> [Prompt]:
Leave the pictures behind and repeat all the entries exactly.

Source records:
------

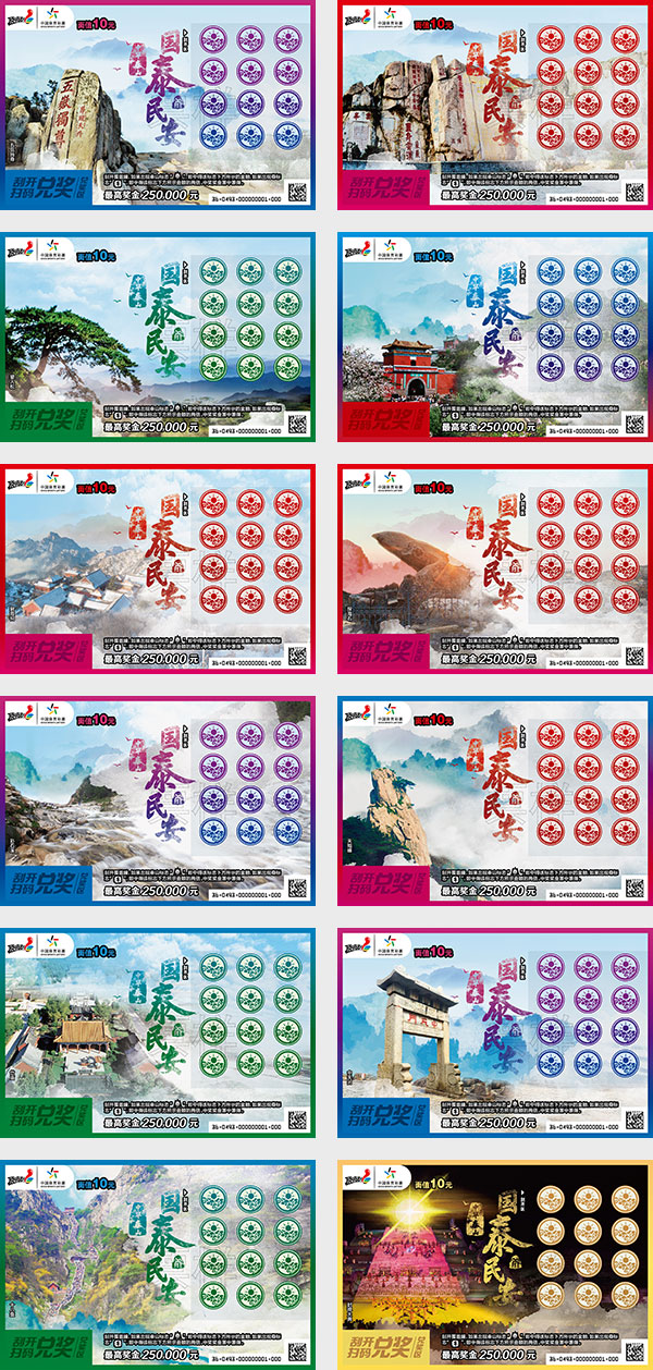近日,中国体育彩票携手泰山景区推出了“国泰民安”旅游主题即开型体育彩票,将于2019年1月1日在泰安市天外村广场进行首发,后续在全国陆续上市。“国泰民安”即开票,共12个票面,展现了泰山景区的经典景点,凸显了泰山人文历史与自然风光,把国泰民安的美好寓意送给全国人民。
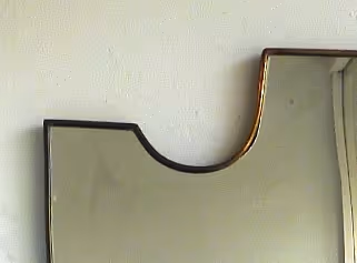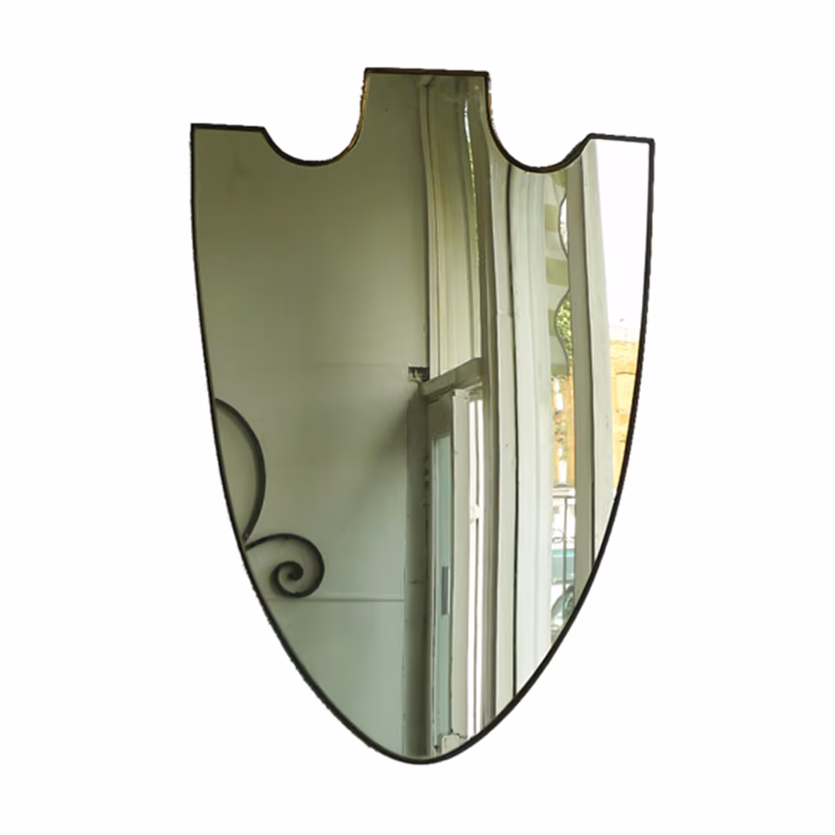 A shield-shaped mirror with thin brass frame. Original plate
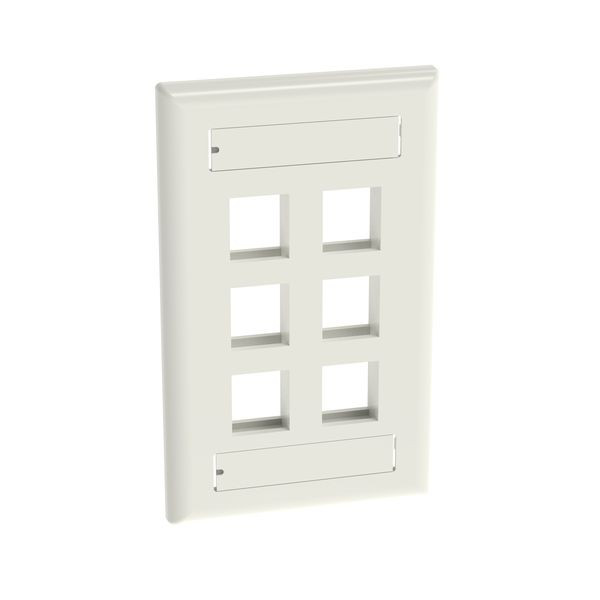 Vertikale NetKey-Geräteblende, Ein-Band, für eine bündige Montage, geeignet für sechs Keystone-Module, inklusive Etikett und Etikett-Abdeckung. Cremeweiß
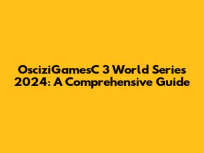 OsciziGamesC 3 World Series 2024: Everything You Need To Know!
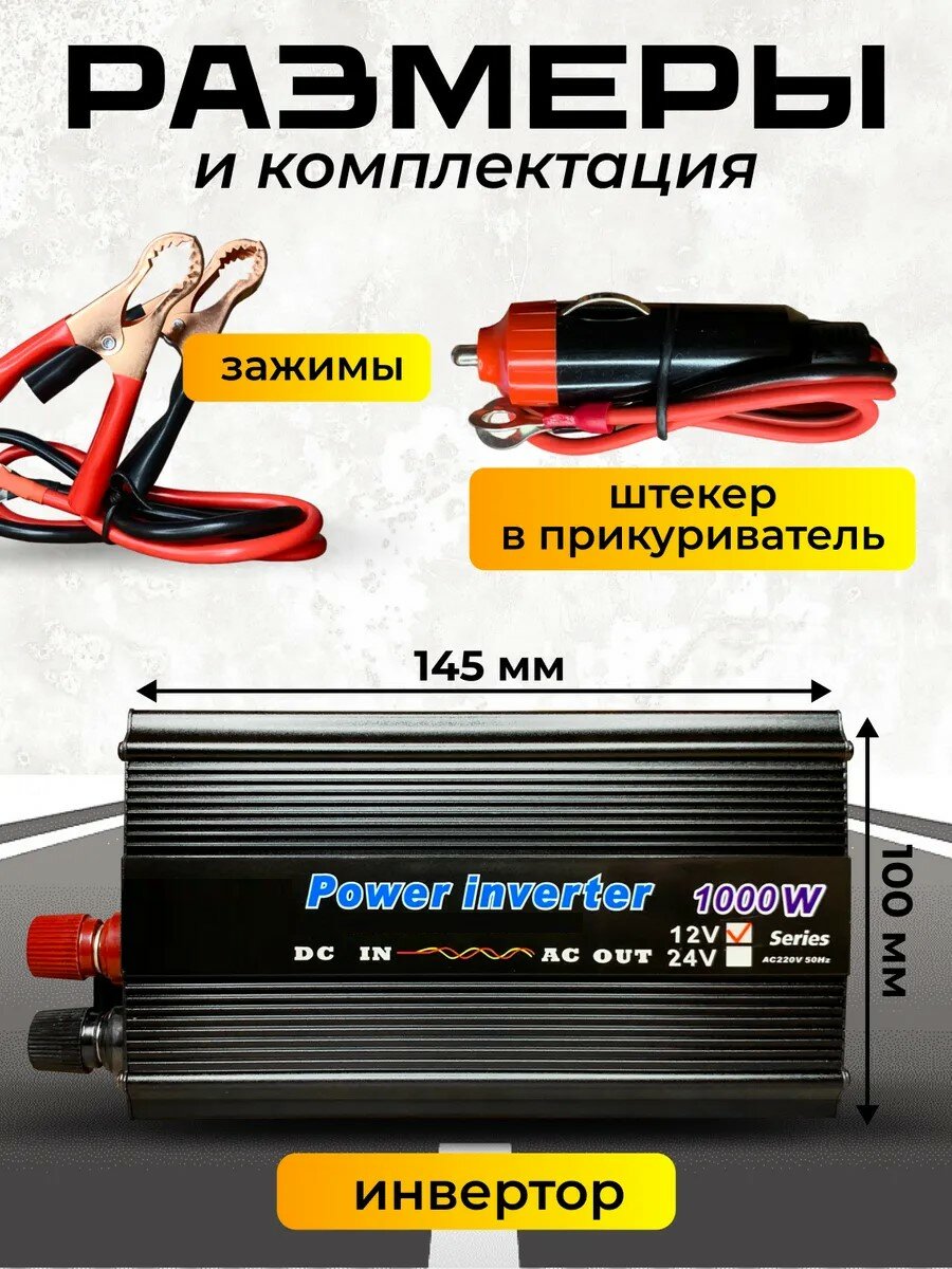 Инвертор автомобильный 12 В, автомобильный инвертор 220, автомобильный преобразователь напряжения 1000Вт, 1 USB, защита от перегрева интересное:
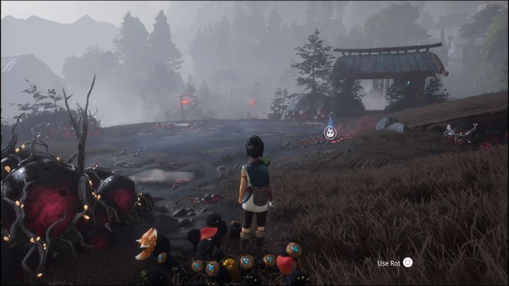 Then throw the bomb at the glowing rocks. Some ranged enemies will appear on the other side. Defeat them, then use the original Rot form to walk to the other side.
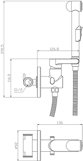 Гигиенический душ со встраиваемым смесителем Rossinka X25-57.
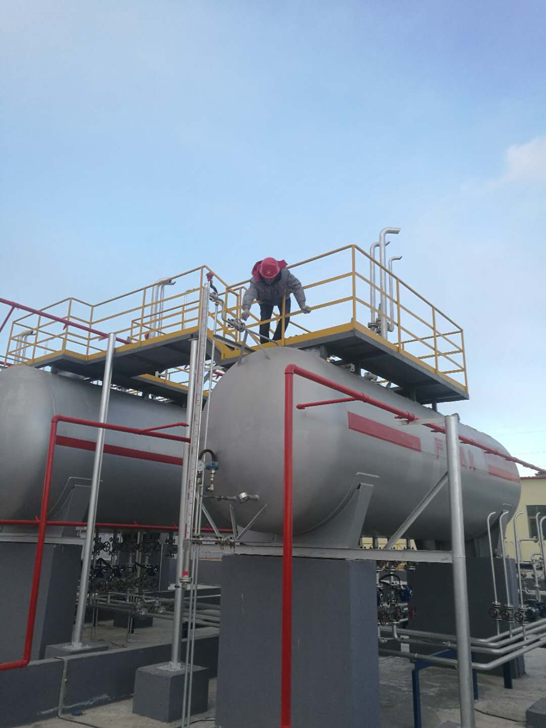 在經(jīng)過(guò)前期一系列的準(zhǔn)備工作之后,我公司于2018年12月6日組織武川縣清潔能源供應(yīng)示范基地LPG儲(chǔ)配站工藝管道以及液化氣儲(chǔ)氣罐整體的氮?dú)庵脫Q作業(yè)。置換當(dāng)天氣溫低至零下20攝氏度,現(xiàn)場(chǎng)人員在公司氮?dú)庵脫Q領(lǐng)導(dǎo)小組的指揮下,于11時(shí)正式開(kāi)始注氮作業(yè),各小組作業(yè)前首先對(duì)工藝條件進(jìn)行了檢查,在確定一切正常后,小組成員按計(jì)劃逐步實(shí)施,作業(yè)過(guò)程中流程清晰,作業(yè)人員操作嫻熟,指令上傳下達(dá)有序,后勤保障到位,置換工作井然有序,在歷時(shí)5小時(shí)后,管道內(nèi)氮?dú)鈮毫ι聊繕?biāo)值,氮?dú)庵脫Q工作順利完成。此次置換工作標(biāo)志著投產(chǎn)前工藝上最后一項(xiàng)準(zhǔn)備工作完成,向安全平穩(wěn)投產(chǎn)又邁進(jìn)一步,為L(zhǎng)PG儲(chǔ)配站的正式運(yùn)營(yíng)生產(chǎn)奠定了堅(jiān)實(shí)的基礎(chǔ)。
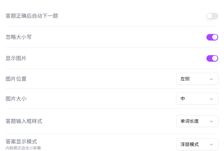 - 显示答案时自动朗读:看到答案的同时听到发音
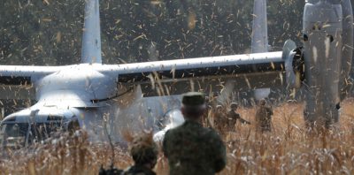 オスプレイ飛来、威圧感 日米共同訓練ルポ
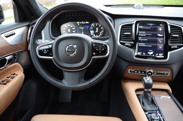Rather than a push button for the engine, the XC90 has a knob on the center console that is rotated for start and stop. There’s a knob for audio volume and all other controls are from the 9-inch Sensus center screen. This iPad-like command center for the XC90 takes a bit to get used to. It was recommended that I just sit, stopped in a parking lot and play with it to become familiar with all the menus and functions. Within a short time I was swiping left and right and up and down.
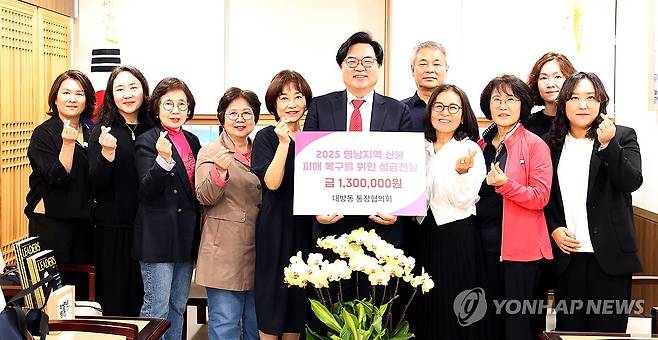 (서울=연합뉴스) 박일하 동작구청장이 30일 서울 동작구 동작구청에서 영남지역 산불 피해복구 지원을 위한 대방동 통장협의회가 모금한 성금을 전달받은 후 통장들과 기념 촬영하고 있다. 2025.4.30 [서울 동작구 제공. 재판매 및 DB 금지]
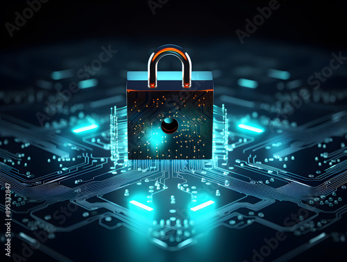 Lock with circuit pattern. Concept of data security, cybersecurity, cyber defense. AI generative
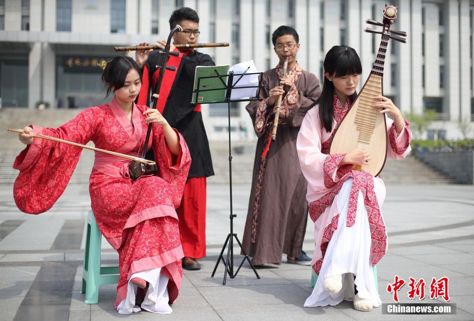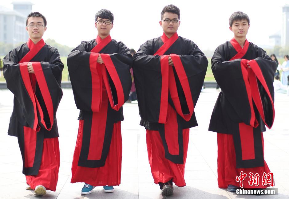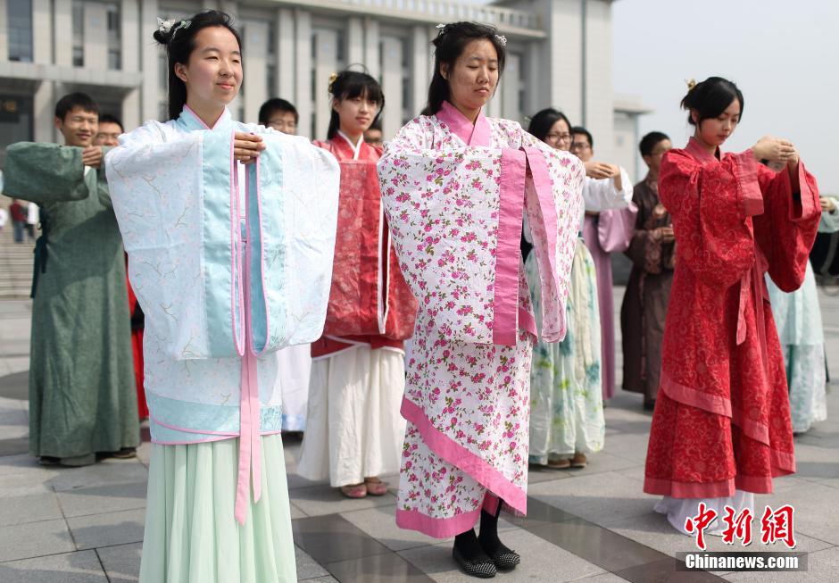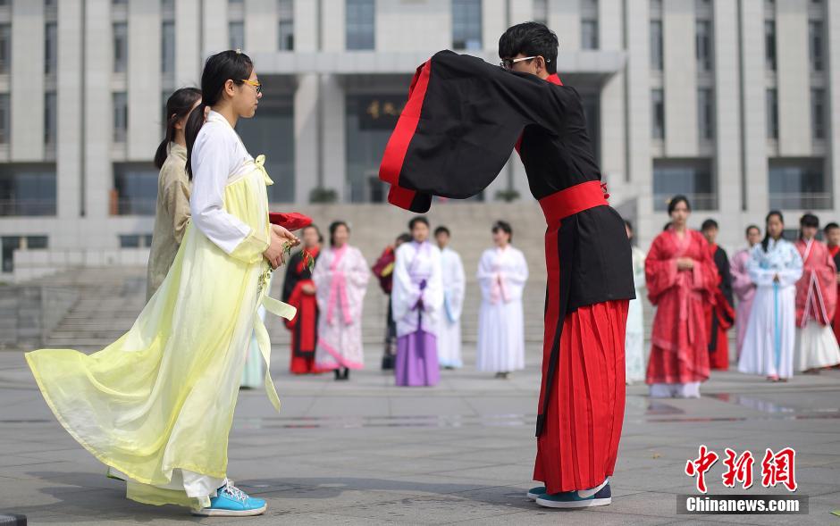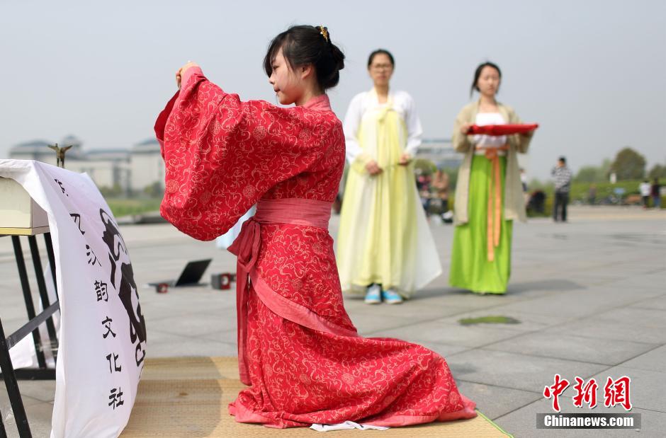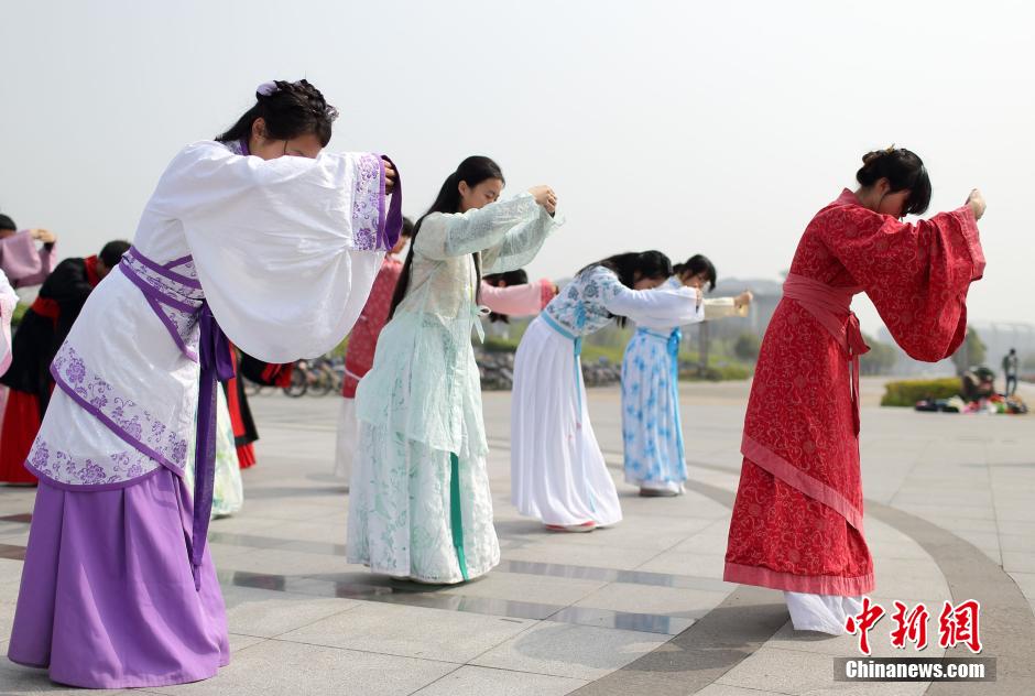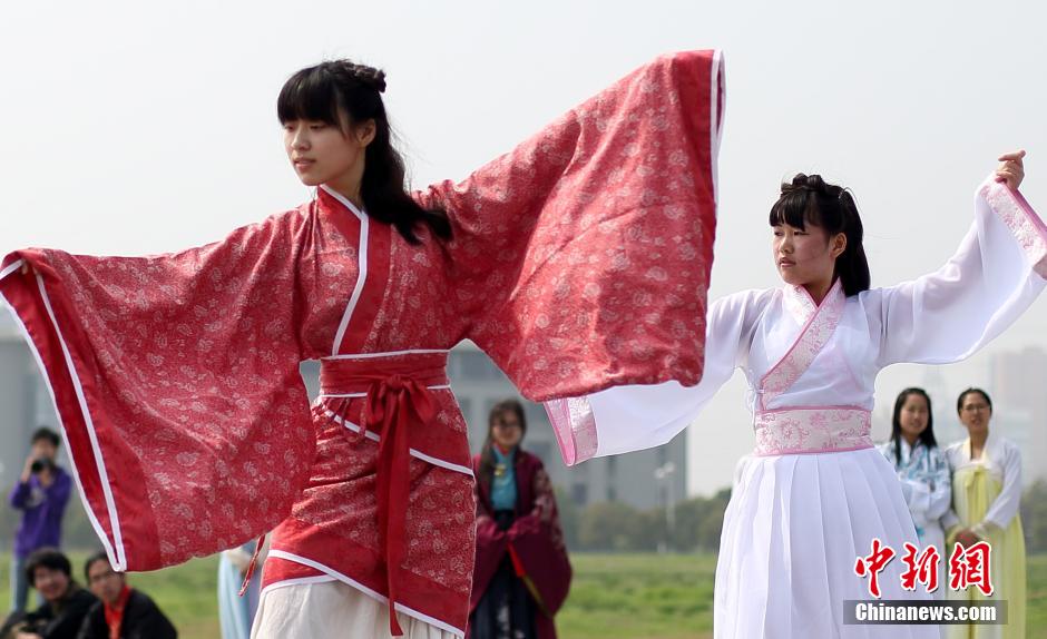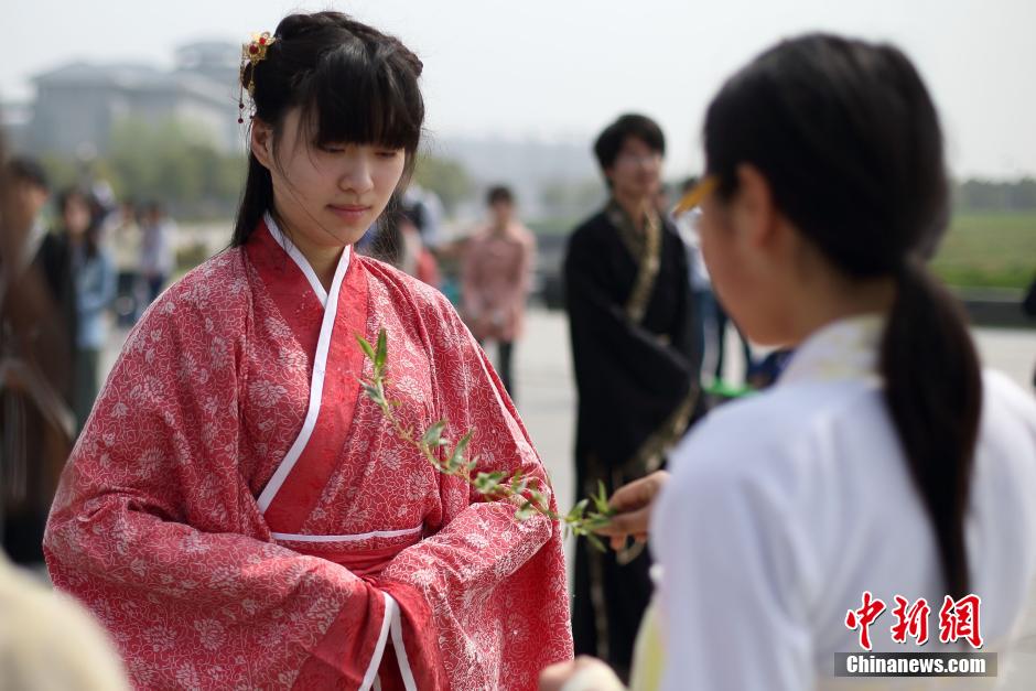 3月30日,身着汉服的大学生在进行“上巳节”仪式。当日,南京东南大学华风汉韵文化社和051121、051122班级的汉文化爱好者们身着传统汉服,在该校九龙湖校区举行“祓禊”、汉舞表演等仪式和节目,体验“上巳节”(农历三月初三)传统文化。中新社发 泱波摄

------

> [Response box]:
近日,中国体育彩票携手泰山景区推出了“国泰民安”旅游主题即开型体育彩票,将于2019年1月1日在泰安市天外村广场进行首发,后续在全国陆续上市。“国泰民安”即开票,共12个票面,展现了泰山景区的经典景点,凸显了泰山人文历史与自然风光,把国泰民安的美好寓意送给全国人民。
 A shield-shaped mirror with thin brass frame. Original plate
 Vertikale NetKey-Geräteblende, Ein-Band, für eine bündige Montage, geeignet für sechs Keystone-Module, inklusive Etikett und Etikett-Abdeckung. Cremeweiß
 OsciziGamesC 3 World Series 2024: Everything You Need To Know!
 Инвертор автомобильный 12 В, автомобильный инвертор 220, автомобильный преобразователь напряжения 1000Вт, 1 USB, защита от перегрева интересное:
 Then throw the bomb at the glowing rocks. Some ranged enemies will appear on the other side. Defeat them, then use the original Rot form to walk to the other side.
 Гигиенический душ со встраиваемым смесителем Rossinka X25-57.
 在經(jīng)過(guò)前期一系列的準(zhǔn)備工作之后,我公司于2018年12月6日組織武川縣清潔能源供應(yīng)示范基地LPG儲(chǔ)配站工藝管道以及液化氣儲(chǔ)氣罐整體的氮?dú)庵脫Q作業(yè)。置換當(dāng)天氣溫低至零下20攝氏度,現(xiàn)場(chǎng)人員在公司氮?dú)庵脫Q領(lǐng)導(dǎo)小組的指揮下,于11時(shí)正式開(kāi)始注氮作業(yè),各小組作業(yè)前首先對(duì)工藝條件進(jìn)行了檢查,在確定一切正常后,小組成員按計(jì)劃逐步實(shí)施,作業(yè)過(guò)程中流程清晰,作業(yè)人員操作嫻熟,指令上傳下達(dá)有序,后勤保障到位,置換工作井然有序,在歷時(shí)5小時(shí)后,管道內(nèi)氮?dú)鈮毫ι聊繕?biāo)值,氮?dú)庵脫Q工作順利完成。此次置換工作標(biāo)志著投產(chǎn)前工藝上最后一項(xiàng)準(zhǔn)備工作完成,向安全平穩(wěn)投產(chǎn)又邁進(jìn)一步,為L(zhǎng)PG儲(chǔ)配站的正式運(yùn)營(yíng)生產(chǎn)奠定了堅(jiān)實(shí)的基礎(chǔ)。
 - 显示答案时自动朗读:看到答案的同时听到发音
 オスプレイ飛来、威圧感 日米共同訓練ルポ
Rather than a push button for the engine, the XC90 has a knob on the center console that is rotated for start and stop. There’s a knob for audio volume and all other controls are from the 9-inch Sensus center screen. This iPad-like command center for the XC90 takes a bit to get used to. It was recommended that I just sit, stopped in a parking lot and play with it to become familiar with all the menus and functions. Within a short time I was swiping left and right and up and down.
 (서울=연합뉴스) 박일하 동작구청장이 30일 서울 동작구 동작구청에서 영남지역 산불 피해복구 지원을 위한 대방동 통장협의회가 모금한 성금을 전달받은 후 통장들과 기념 촬영하고 있다. 2025.4.30 [서울 동작구 제공. 재판매 및 DB 금지]
 Lock with circuit pattern. Concept of data security, cybersecurity, cyber defense. AI generative
 3月30日,身着汉服的大学生在进行“上巳节”仪式。当日,南京东南大学华风汉韵文化社和051121、051122班级的汉文化爱好者们身着传统汉服,在该校九龙湖校区举行“祓禊”、汉舞表演等仪式和节目,体验“上巳节”(农历三月初三)传统文化。中新社发 泱波摄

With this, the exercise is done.